In addition, noting that the Government did not reply to the requests under the following points, the Committee is bound to repeat the relevant comments which read as follows.

The Committee draws the Government’s attention to paragraph 133 of its General Survey of 2006 on labour inspection concerning the meaning and scope of Article 3, paragraph 1(c), of the Convention, which provides that labour inspectors shall bring to the notice of the competent authority defects or abuses not specifically covered by existing legal provisions. In the Committee’s view, the deterioration in the working conditions of a large number of workers, many of whom are women, would be ample reason for entrusting to inspectors the task of conducting an inquiry into the employment relationships that exist between those giving instructions or receiving goods and services produced by the CTAs and the workers of the CTAs. Any defects or abuse affecting these workers could thus be identified and improvements introduced in the legislation on conditions of work and the protection of workers in the performance of their work. The Committee hopes that labour inspectors will shortly be entrusted with such an investigation to enable the law to keep pace with new situations in the world of work such as the relationship in which CTAs are subordinate to the enterprises for which they produce goods and services outside any form of work contract. The Government is asked to provide information, together with copies of any texts giving effect to Article 3, paragraph 1(c), of the Convention.

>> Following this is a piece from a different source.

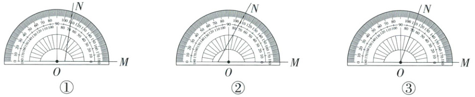 7. [习题变式] 用量角器量出下面各角并回答问题。

The Committee also asks the Government to inform the ILO of its views on the unions’ proposals on this matter.

Principle of the confidentiality of the source of Article 15(c). Complaints. The Committee notes once again that the Government has not sent the information requested on the existence of a legal basis ensuring that labour inspectors comply with the principle of the confidentiality of the source of complaints. It once again urges the Government to take steps rapidly to supplement the legislation to ensure the confidentiality of complaints so as to protect workers from reprisals, to keep the ILO informed and to provide any relevant laws or bills.

Annual inspection report. Articles 20 and 21. The Committee once again draws the Government’s attention to the obligation on the central inspection authority to publish and communicate to the ILO, in accordance with Article 20 of the Convention, an annual report on the work of the inspection services containing the information required by clauses (a) to (g) of Article 21. The Committee firmly hopes that, with the international cooperation currently under way to reinforce the labour inspectorate, the Government will not fail to take the necessary steps to ensure that full effect is given to these Articles of the Convention. It would be grateful if the Government would in any event provide information on all developments in this area, including any problems encountered.

[The Government is asked to reply in detail to the present comments in 2011.]